• [Material supplied]
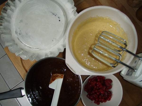 Jaja izmješajte sa šećerom, brašnom, praškom za pecivo i vanilin šećerom. U zdjelici na štednjaku istopite čokoladu sa margarinom ili maslacem, te je umešajte u prvu smjesu mikserom.
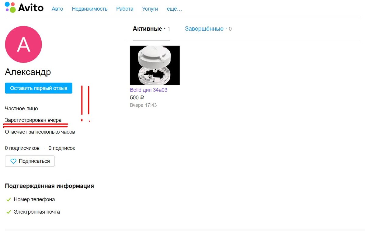 1. Регистрируется новый аккаунт в Авито. Дата создания свежая.
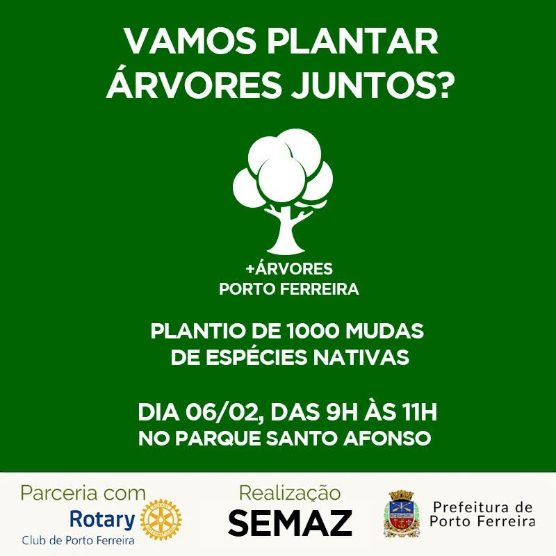 Aproveitando a época chuvosa e a necessidade de fazer a compensação ambiental adequada no município, a Secretaria de Meio Ambiente e Zeladoria (Semaz), em parceria com o Rotary Club de Porto Ferreira e apoio da Usina Ferrari. lança este novo projeto de plantio coletivo de mudas de árvores nativas.
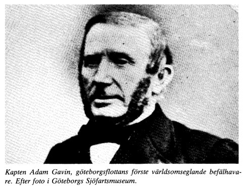 Adam Richard Gavin, född 12 oktober 1815, död 26 november 1900, sjökapten. År 1829 gick han till sjöss som kajutvakt i briggen Venus som tillhörde James Dickson & Co. Efter 4 resor med detta skepp i diverse olika positioner tog han sjökaptensexamen av första graden och fick därefter burskap i Göteborg den 6 december 1839. Hans första fartyg som befälhavare blev den nybyggda barken Caledonia som också tillhörde James Dickson & Co. Under den första resan som påbörjades i slutet av juli 1840 gick han på grund vid Maplin Sands i Themsenmynningen och förlorade ankare och kättingar. Låg kvar i London till nyårsafton då avgång till Cadiz skedde utan last. Där lastades salt för New Orleans, varifrån Caledonia återvände med tobak, bomull och färgträ. Återkom till Göteborg den 8 augusti 1841. Den 31 oktober samma år gavs sig Adam Richard Gavin iväg på en världsomsegling som befäl på Caledonia. Caledonia anlöpte på utresan Portsmouth i England samt Kapstaden som lämnades den 19 mars 1842. Ankomsten till Sydney skedde den 14 maj samma år. Gavin anlitade agenten A.B. Spark för försäljningen av större delen av lasten.
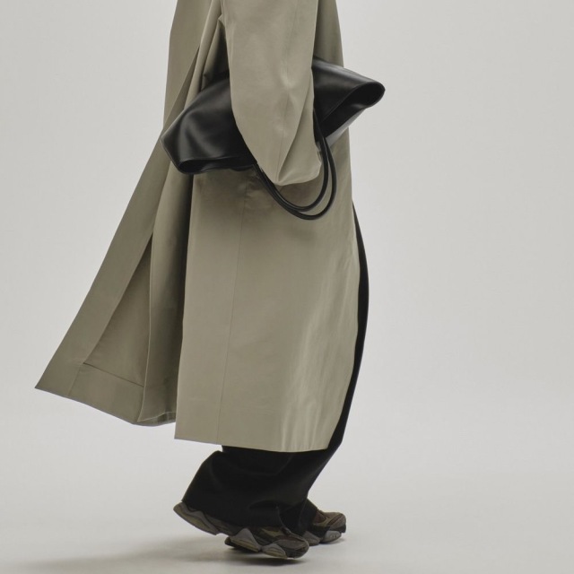 本革顔負けのしぼ感と、滑らかな質感が魅力の牛床革を使用したバッグ。ファスナー引手のデザインやポケット口のディテール、細やかなステッチワーク等ミニマルなデザインの中にもこだわりの詰まったアイテム。広めのマチ付きで、A4サイズも収容可能なサイズ感はデイリーからビジネスシーンまで幅広く活躍します。
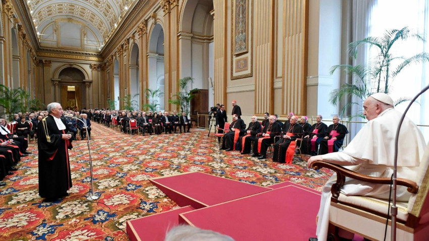 Ferenc pápa a bírósági évad megnyitása alkalmából elmondott beszédében az igazságszolgáltatáshoz szükséges bátorság erényére összpontosított. A Szentatya felidézte, hogy a keresztények számára ez az erény nem csupán a hősies emberek sajátos jellemzője, hanem „olyan tulajdonság, amely a Krisztussal való találkozás során adatik meg és erősödik meg, mint a Szentlélek cselekvésének gyümölcse, amelyet bárki megkaphat, ha imádkozik hozzá”. Ez különösen abban nyilvánul meg, hogy „türelemmel és kitartással cselekszünk, elutasítva azokat a belső és külső nyomásokat, amelyek hátráltatják a jó megvalósítását”.
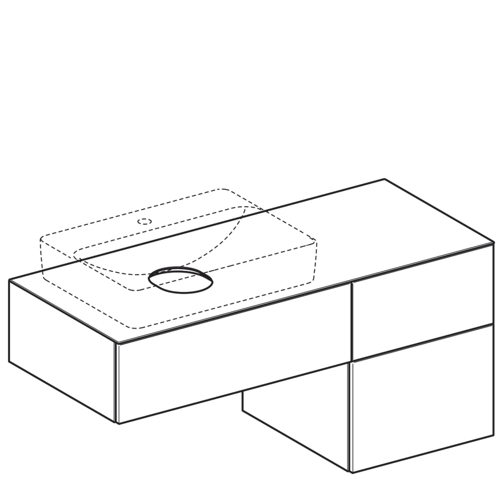 De 3 lades van de wastafelonderkast bieden extra opbergruimte. Dit is een ideale optie voor gezinnen met kinderen of als je veel spullen op te bergen hebt. Let op: de bovenste lade is voorzien van 1 sifonuitsparing.
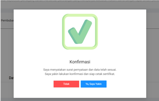 - Apabila Sahabat Wirausaha klik “Konfirmasi”, maka akan muncul tampilan sebagai berikut. Klik “Ya, Saya Yakin” untuk finalisasi pembubaran PT Perorangan. Atau, Klik “Tidak” jika Sahabat Wirausaha belum yakin dengan data yang akan difinalisasi dan ingin kembali mengecek data Permohonan Pembubaran Perseroan.
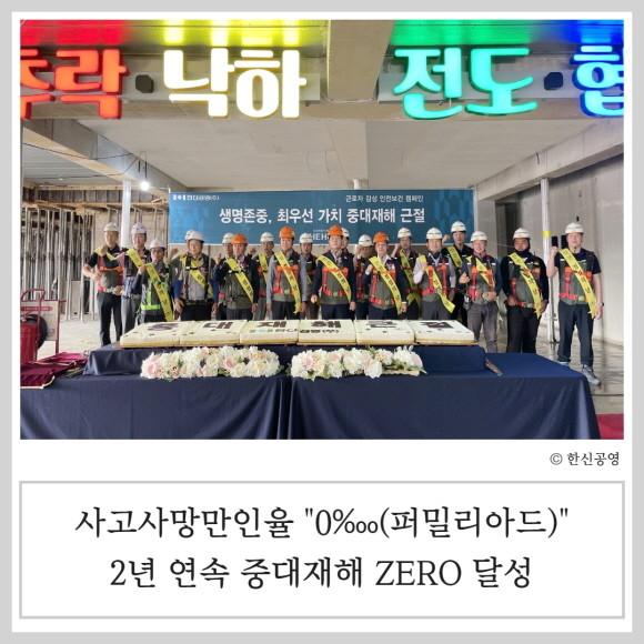 한신공영(004960)이 2년 연속 중대재해 'ZERO'를 달성했다.
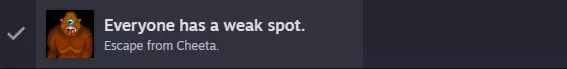 在斯凯左边有一块平坦的岩石,从你的物品栏中取出一些萨满蘑菇或玉米粒放在上面。 绳子会掉落,再在平坦的岩石上放更多食物,使其向你这边移动,然后捡起绳子。 将绳子用在栏杆上,再捡起来并把它用在平坦的岩石上,最终绳子会系在右侧,岩石顶部会出现一个绳套。 在平坦的岩石上放置食物,这样你就能把野兽捆起来,现在用你的吹箭筒对准眼睛(不是奇塔本身,而是她头顶上的眼睛热点!),然后向右穿过洞口。 逃离这个地方可以获得EVERYONE HAS A WEAK SPOT成就。

• [What the task requires] Print the data above from its first line through the line that has "Aproveitando a época", exactly and with nothing else, omitting pictures.

• [Response]
 Jaja izmješajte sa šećerom, brašnom, praškom za pecivo i vanilin šećerom. U zdjelici na štednjaku istopite čokoladu sa margarinom ili maslacem, te je umešajte u prvu smjesu mikserom.
 1. Регистрируется новый аккаунт в Авито. Дата создания свежая.
 Aproveitando a época chuvosa e a necessidade de fazer a compensação ambiental adequada no município, a Secretaria de Meio Ambiente e Zeladoria (Semaz), em parceria com o Rotary Club de Porto Ferreira e apoio da Usina Ferrari. lança este novo projeto de plantio coletivo de mudas de árvores nativas.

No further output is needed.